'''

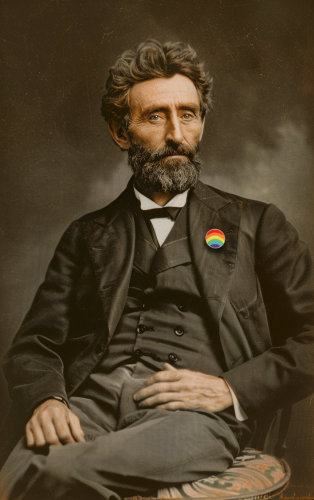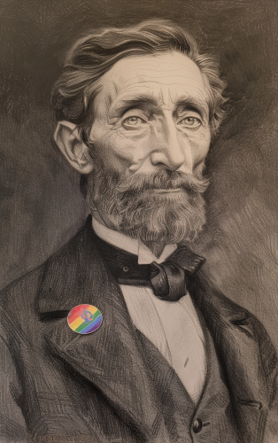 Monochromatic portrait, in pencil, of Henry David Thoreau, similar to the pencil drawing by Samuel Rowse. The only color is on a small gay pride button, with pride flag colors, in Thoreau’s lapel. --ar 5:8
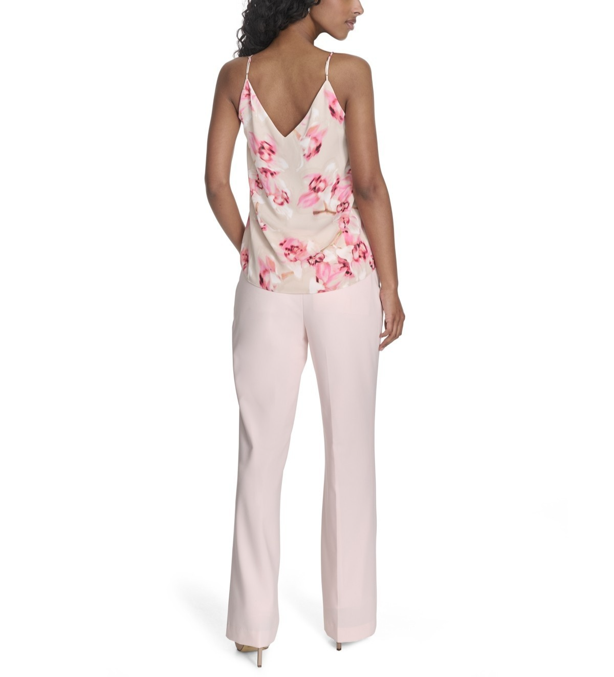 Calvin Klein's beautifully printed V-neck top features a sleeveless silhouette that allows for easy layering, making it a versatile piece for your wardrobe.
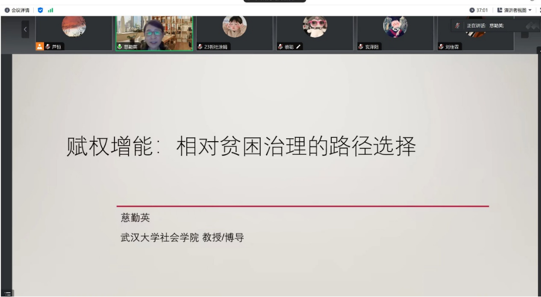 2023年11月4日,公司在线举办ladbrokes立博名家系列讲座第204场,题为《赋权增能:相对贫困治理的路径选择》,主讲人为武汉大学社会公司教授,武汉大学珞珈特聘教授,教育部社会工作硕士专业学位教学指导委员会委员,慈勤英教授。主持人为公司副经理芦恒教授,公司师生百余人参加此次活动。
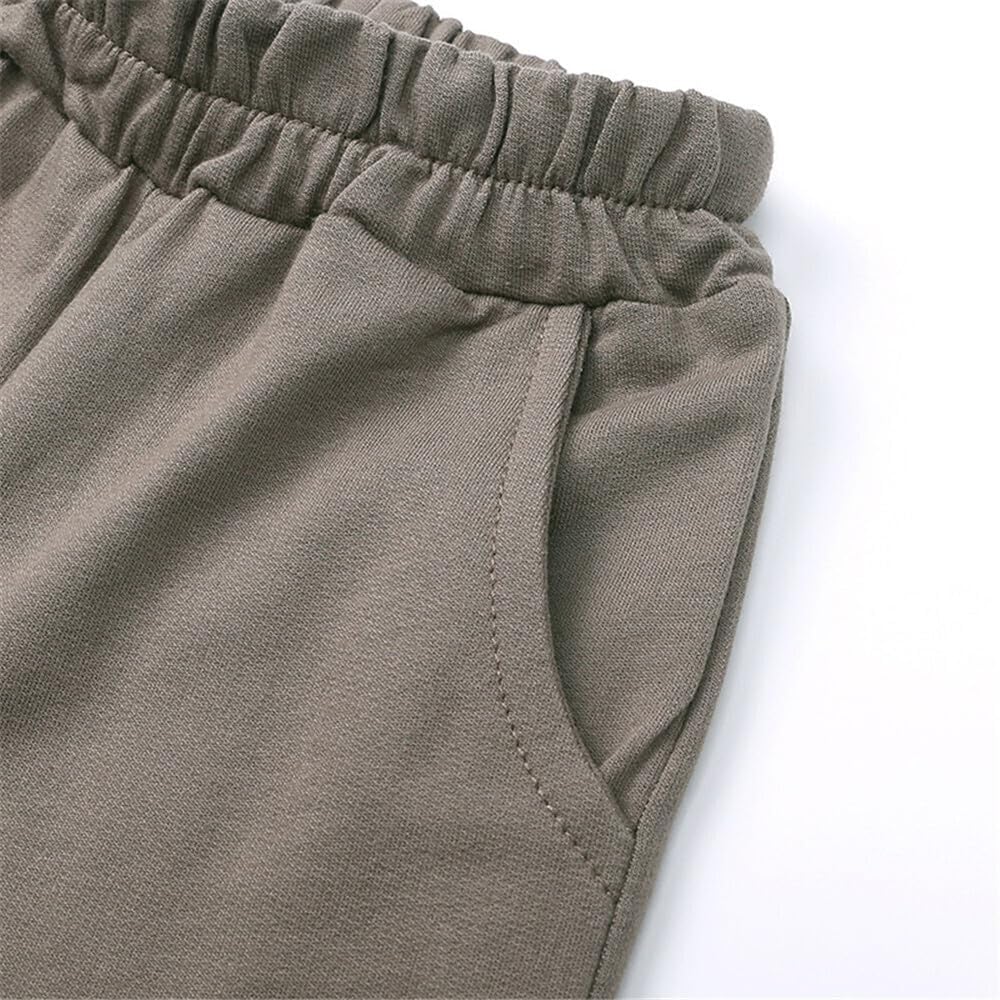 QueenLine 10Sets Bulk Items Wholesale Children Sets Long Sleeves Pullover Tops Hoodie + Shorts Two Piece Sets Casual Solid Tracksuits Brown 130cm
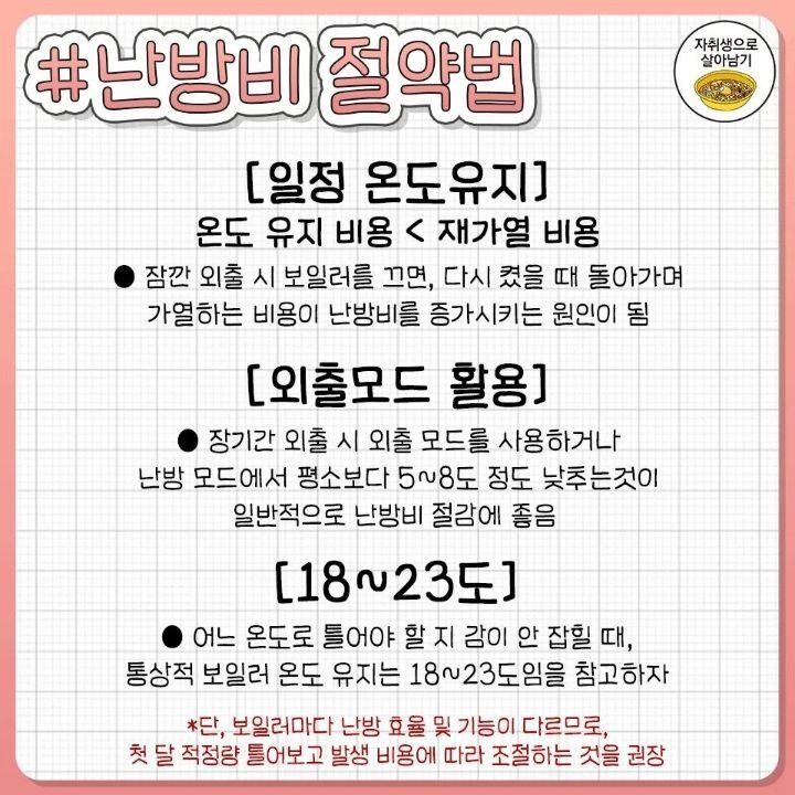 -> 이 말은 즉! 잠깐 외출할때 보일러를 아예 꺼버리거나 외출모드를 해버리면, 다시 보일러를 켰을 때 재가열되는 비용이 더 크다는 뜻입니다. 난방비를 더 증가시킵니다. 현재 온도보다 1도정도만 낮게 설정후 잠시 외출해주세요.

'''

Any picture among the entries must be skipped; copy all else exactly.

 Monochromatic portrait, in pencil, of Henry David Thoreau, similar to the pencil drawing by Samuel Rowse. The only color is on a small gay pride button, with pride flag colors, in Thoreau’s lapel. --ar 5:8
 Calvin Klein's beautifully printed V-neck top features a sleeveless silhouette that allows for easy layering, making it a versatile piece for your wardrobe.
 2023年11月4日,公司在线举办ladbrokes立博名家系列讲座第204场,题为《赋权增能:相对贫困治理的路径选择》,主讲人为武汉大学社会公司教授,武汉大学珞珈特聘教授,教育部社会工作硕士专业学位教学指导委员会委员,慈勤英教授。主持人为公司副经理芦恒教授,公司师生百余人参加此次活动。
 QueenLine 10Sets Bulk Items Wholesale Children Sets Long Sleeves Pullover Tops Hoodie + Shorts Two Piece Sets Casual Solid Tracksuits Brown 130cm
 -> 이 말은 즉! 잠깐 외출할때 보일러를 아예 꺼버리거나 외출모드를 해버리면, 다시 보일러를 켰을 때 재가열되는 비용이 더 크다는 뜻입니다. 난방비를 더 증가시킵니다. 현재 온도보다 1도정도만 낮게 설정후 잠시 외출해주세요.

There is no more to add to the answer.